Keywords: Lungs, smoking, cardiorespiratory, bronchiectasis, physiotherapy
The following information has been provided by Alex Hough. Be sure to check out her fantastic website which has loads of resources and reading lists. She has kindly given permission for others to use her advice sheets however you will need to assess whether the suitable for your patients, adjust them as appropriate, and if using them in the NHS;
- Get them checked by your Trust
- Add your name and contact details.
- Go through them with patients and sign them before handing them out.
Air is carried into your lungs through a series of branching tubes (airways, or bronchi). The airway walls produce a small amount of mucus which keeps your lungs moist and traps the dust and germs that you breathe in. The mucus is then normally moved upwards by tiny hairs (cilia) which line the tubes and waft the mucus to your throat, from where it is usually swallowed, unnoticed.
What is bronchiectasis?
This is a chronic condition in which some of your airways have a corrugated lining instead of a smooth lining. Mucus tends to collect in these little pockets.

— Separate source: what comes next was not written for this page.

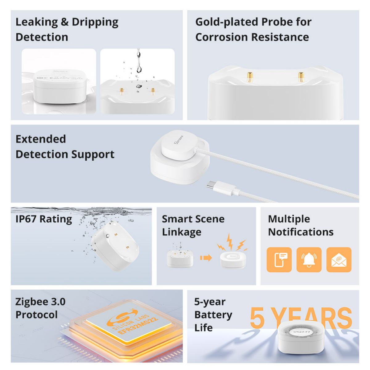 Protege tu hogar con el Sensor de Fugas de Agua Sonoff SNZB-05P Zigbee. Detecta instantáneamente derrames y fugas, enviando alertas a tu móvil a través de la app eWeLink. Su diseño impermeable IP67 garantiza durabilidad. Compatible con Amazon Alexa, Google Home y SmartThings (requiere Hub Zigbee), este sensor inteligente es esencial para prevenir daños por agua en cualquier estancia.

Chronic means that it is long-term. However, it usually doesn’t get worse, so long as you keep yourself out of this vicious cycle:
What is the cause of bronchiectasis?
There are several known causes including:
- Severe infection such as childhood pneumonia, whooping cough or measles, which can leave scarring in your airways.
- Sometimes, inhalation of a small object such as a peanut earlier in life.
- Occasionally, lack of immunity to infection, for example a lack of antibodies (proteins in your blood which neutralise viruses and bacteria) which occasionally happens if you get a severe virus infection.
However, over half the people with bronchiectasis in the UK have no obvious cause for it.